Available for Licensing
TRL: 7
US Patent: US 2021/0177609
Steven J Simske
Adam Morrone
Aly Hoeher
Aly.Hoeher@colostate.edu
970-491-7100
At a Glance
Researchers at Colorado State University have developed a device that, upon heating, deploys anchors in all directions. This outwards force is used to permanently lock the device into a larger cavity or cylinder (e.g. PVC pipe or intramedullary cavity of a long bone) to selectively control placement of the device. The mechanism for the expansion of these shape memory anchors is an internal stress associated with a crystallographic transition.
Background
Shape-memory polymers (SMPs) are polymeric smart materials that have the ability to return from a deformed state (temporary shape) to their original (permanent) shape induced by an external stimulus (trigger), such as temperature change. One of the first conceived industrial applications was shape memory (SM) foam in robotics to provide initial soft pretension in gripping. Since then, these materials have seen widespread usage in construction (e.g. foam which expands with warmth to seal window frames) and sports wear. Polyurethane SMPs are also utilized as an autochoke element in engines. And although the potential to develop SMPs for greater applications remains, many have yet to be realized. Specifically, shape memory devices are not currently used to anchor inserts into a sleeve, as implants into a bone, or to control pivoting.
Overview
Described is a cylindrical device that, upon heating, deploys anchors outward in all directions. This outwards force can be used to lock the device into a larger cylinder such as a PVC pipe or intramedullary cavity of a long bone, or to selectively control a spring-loaded or auxetic device. The mechanism for the expansion of the anchors is an internal stress associated with a crystallographic transition from martensite to austenite phases.

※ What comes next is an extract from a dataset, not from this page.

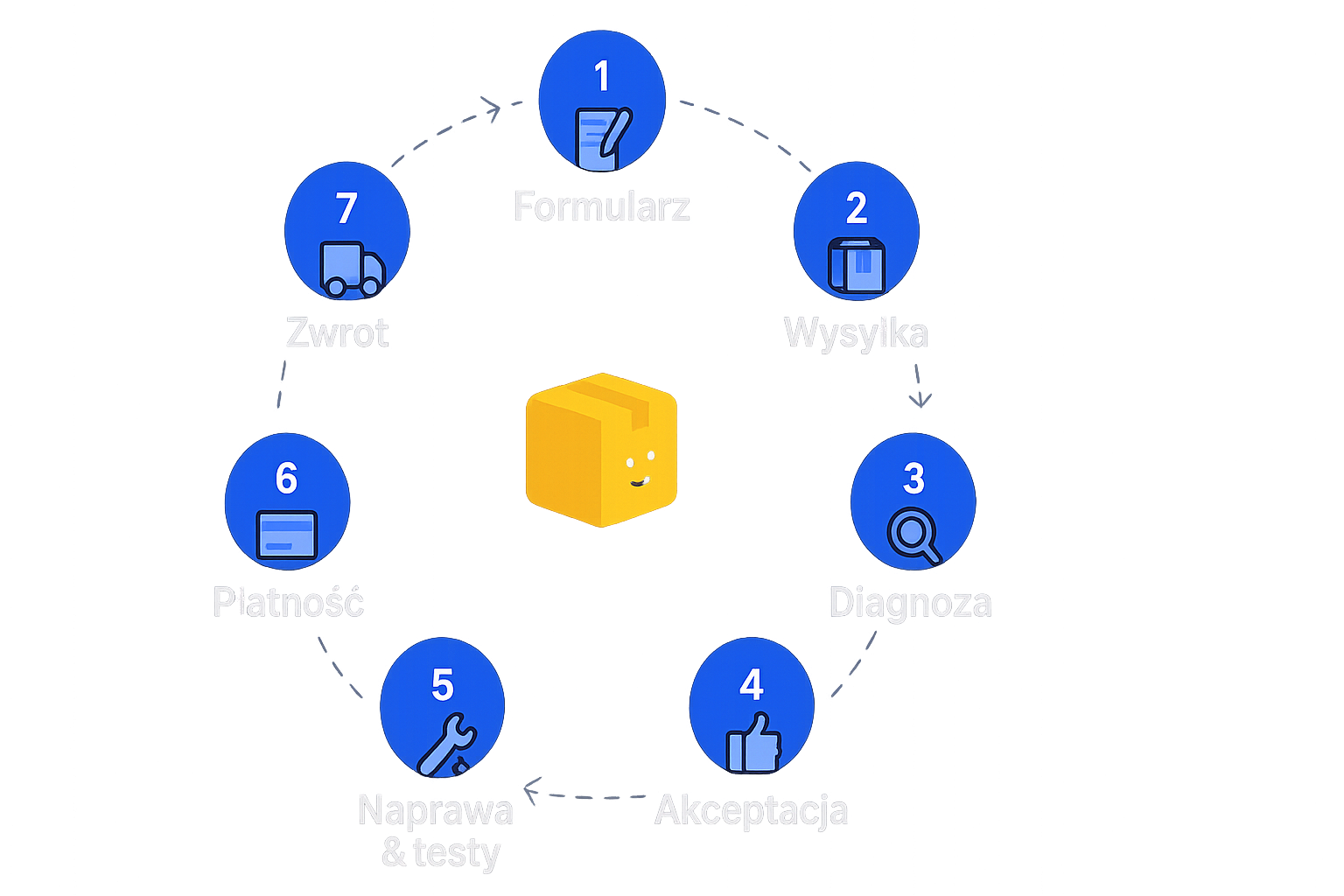 1. Formularz | Wypełniasz zgłoszenie — otrzymujesz numer sprawy i instrukcję nadania paczki. | 📃 |
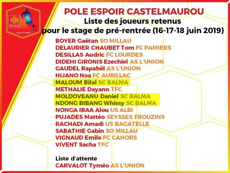 Un grand bravo à trois de nos U13 : Bilal Maloum, Daniel Moldoveanu et Whissy Ndong Bibang qui ont brillamment réussi le concours d’entrée au pôle espoir de Castelmaurou.

In order for this to be accomplished, the anchors, at minimum, are made of nitinol, which is approximately equiatomic nickel and titanium.
The general construction of the device is as follows: a hollow cylinder shape is formed, and slats are cut, as can be seen in Figure 1a, below. Next, a fixture is built that holds the anchors out to their desired set points (the position they should be in when expanded) as can be seen in Figure 1b, below. Then a heat treatment is applied in order to set this as the austenitic shape of the material, in other word the shape of the device when above the austenite finishing temperature (Af). Then, the device is cooled below Af which allows it to be deformed such that the anchors are bent back inwards, and a cylinder shape is again achieved. In this state, the device can be inserted into a hole or a larger cylinder.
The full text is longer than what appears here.